- **Task directions**
Could you reproduce the entries exactly, omitting every picture?

Extracted records

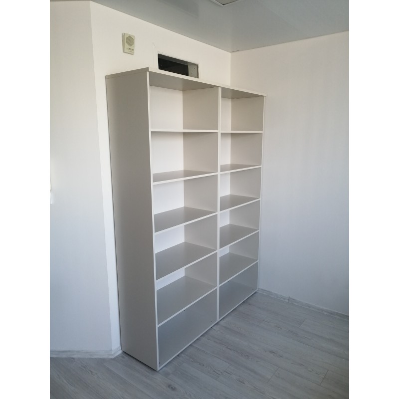 Размеры 1572*420*2105 h мм. Толщина материалов 18 мм. Папки корона и другие становятся на полки по высоте.
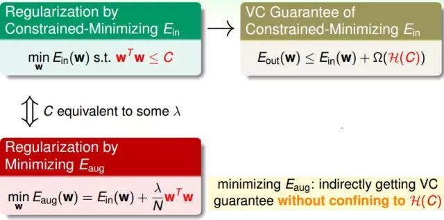 原始的問題對應的是VC的保證是Eout要比Ein加上復雜度的懲罰項(penalty of complexity)要小。而求解Eaug是間接地做到VC Bound,并沒有真正的限制在H(C)中。
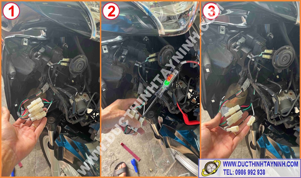 - Dùng bộ Jack Test để xác định dây dương (+) và dây tắt máy (Acc)
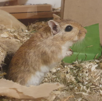 Vorstellung: "Hallo, ich bin Jimmy!" Ich bin eine kleine, richtig süße Maus mit viel Energie und Charakter - und ich wünsche mir ein neues Zuhause mit einem lieben Mäusefreund. Mein bester Kumpel Pepone ist leider nicht mehr da und nun suche ich wieder Gesellschaft und Menschen, die sich gut um mich kümmern. Vor 2 Monaten wurde mir ein Duftdrüsentumor entfernt. Ich bin neugierig, aktiv und immer unterwegs - bei mir ist immer was los! Ich liebe Klopapierrollen zum Knabbern, auch mit einem Reispop oder Stückchen Salat kannst du mein Herz höher schlagen lassen. Ich fresse dir auch aus der Hand und lasse mich während dem Fressen auch streicheln. Lg dein Jimmy"
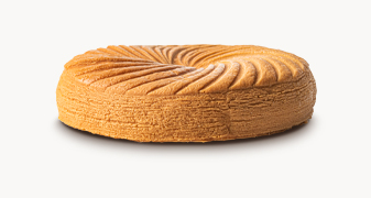 Notre coque en trompe-l'œil au chocolat blond Dulcey renferme bien des gourmandises ! Du feuilletage au bon beurre d'Echiré, enrobé de chocolat au lait Valrhona pour former la base de l’entremet. En guise de frangipane, une onctueuse glace amande grillée au lait frais des monts d’Ardèche. Et pour le côté régressif on termine avec une couche de caramel bien fondante.
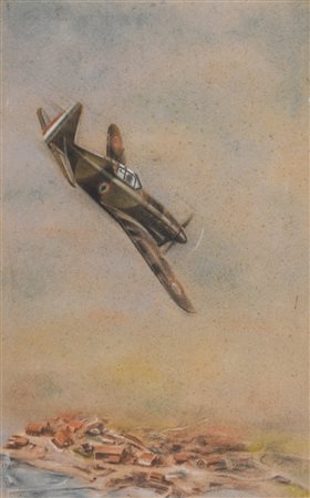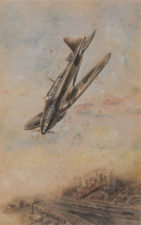 Lotto 11 Künstler des 20. Jahrhunderts/Artista del Novecento Fairey Battle in picchiata su villaggio, Anni ’40;Pastelli col. su carta applicata su cartone, 50 x 32,5 cm, carta brunita
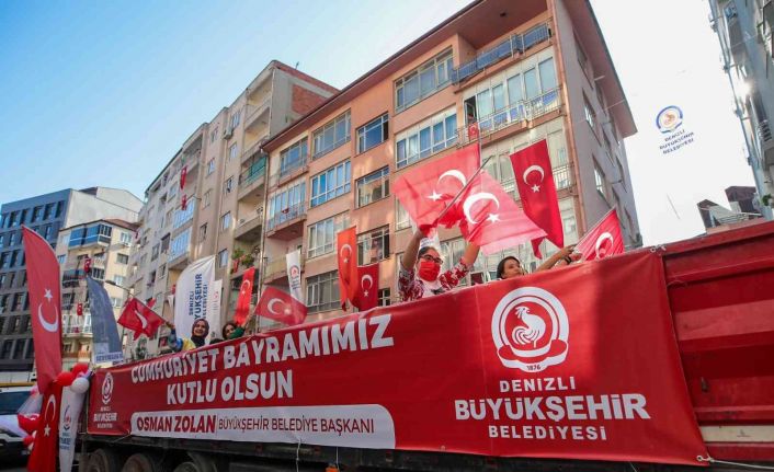 Denizli Büyükşehir Belediyesi, Cumhuriyetin ilanının 98. yıldönümü için düzenlediği birçok programın yanı sıra bayram coşkusu ve sevincini hazırlanan Cumhuriyet Bayramı Tırı ve mobil araçlarıyla kentin dört bir yanına taşıdı.
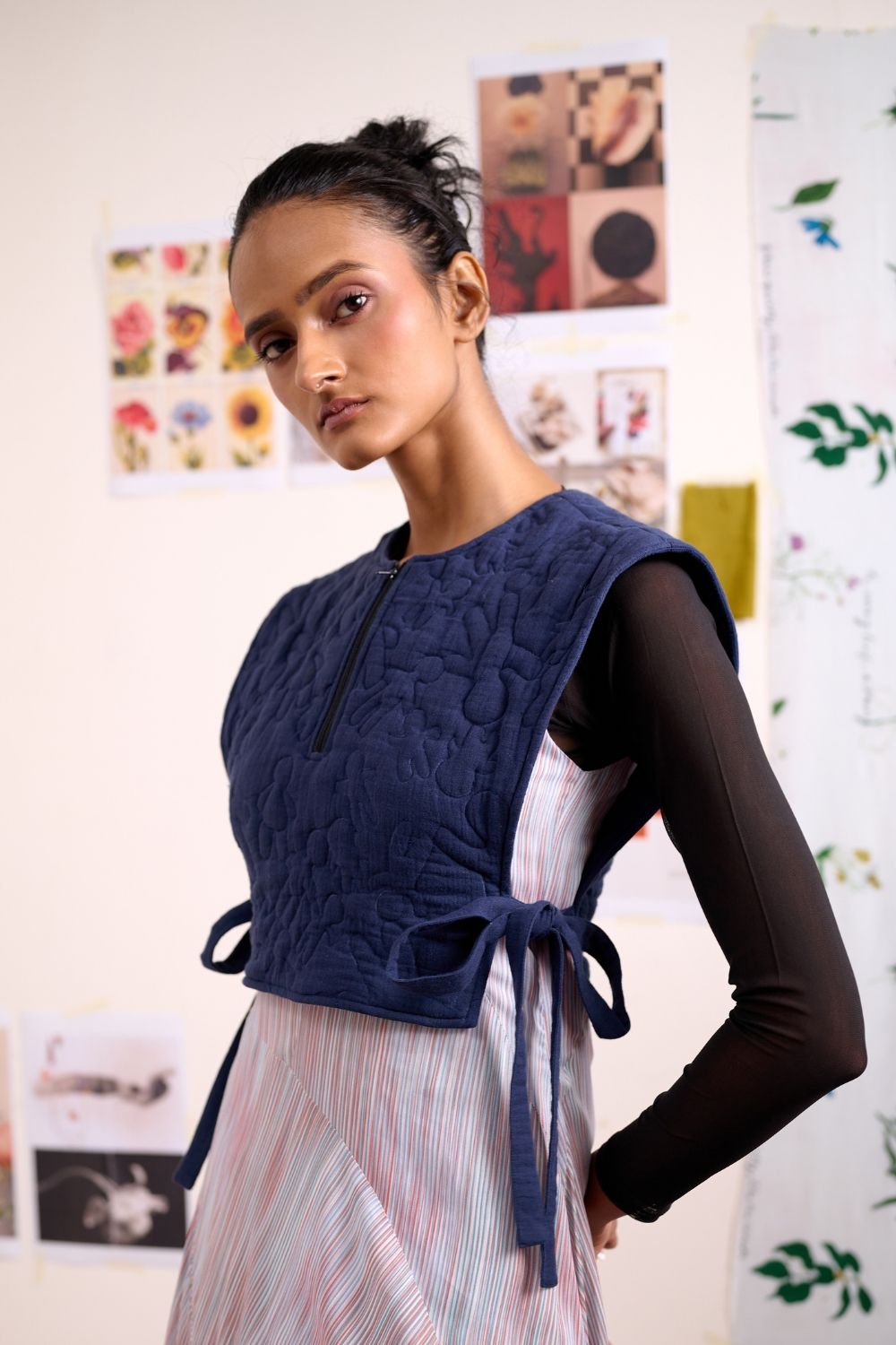 Product Details: A playful yet elegant bib top featuring intricate patchwork and embroidery, with adjustable side ties for a customizable fit. Lightweight and effortlessly stylish, this top adds texture and character to any festive or casual ensemble.

- **Response to the exercise**
 Размеры 1572*420*2105 h мм. Толщина материалов 18 мм. Папки корона и другие становятся на полки по высоте.
 原始的問題對應的是VC的保證是Eout要比Ein加上復雜度的懲罰項(penalty of complexity)要小。而求解Eaug是間接地做到VC Bound,并沒有真正的限制在H(C)中。
 - Dùng bộ Jack Test để xác định dây dương (+) và dây tắt máy (Acc)
 Vorstellung: "Hallo, ich bin Jimmy!" Ich bin eine kleine, richtig süße Maus mit viel Energie und Charakter - und ich wünsche mir ein neues Zuhause mit einem lieben Mäusefreund. Mein bester Kumpel Pepone ist leider nicht mehr da und nun suche ich wieder Gesellschaft und Menschen, die sich gut um mich kümmern. Vor 2 Monaten wurde mir ein Duftdrüsentumor entfernt. Ich bin neugierig, aktiv und immer unterwegs - bei mir ist immer was los! Ich liebe Klopapierrollen zum Knabbern, auch mit einem Reispop oder Stückchen Salat kannst du mein Herz höher schlagen lassen. Ich fresse dir auch aus der Hand und lasse mich während dem Fressen auch streicheln. Lg dein Jimmy"
 Notre coque en trompe-l'œil au chocolat blond Dulcey renferme bien des gourmandises ! Du feuilletage au bon beurre d'Echiré, enrobé de chocolat au lait Valrhona pour former la base de l’entremet. En guise de frangipane, une onctueuse glace amande grillée au lait frais des monts d’Ardèche. Et pour le côté régressif on termine avec une couche de caramel bien fondante.
 Lotto 11 Künstler des 20. Jahrhunderts/Artista del Novecento Fairey Battle in picchiata su villaggio, Anni ’40;Pastelli col. su carta applicata su cartone, 50 x 32,5 cm, carta brunita
 Denizli Büyükşehir Belediyesi, Cumhuriyetin ilanının 98. yıldönümü için düzenlediği birçok programın yanı sıra bayram coşkusu ve sevincini hazırlanan Cumhuriyet Bayramı Tırı ve mobil araçlarıyla kentin dört bir yanına taşıdı.
 Product Details: A playful yet elegant bib top featuring intricate patchwork and embroidery, with adjustable side ties for a customizable fit. Lightweight and effortlessly stylish, this top adds texture and character to any festive or casual ensemble.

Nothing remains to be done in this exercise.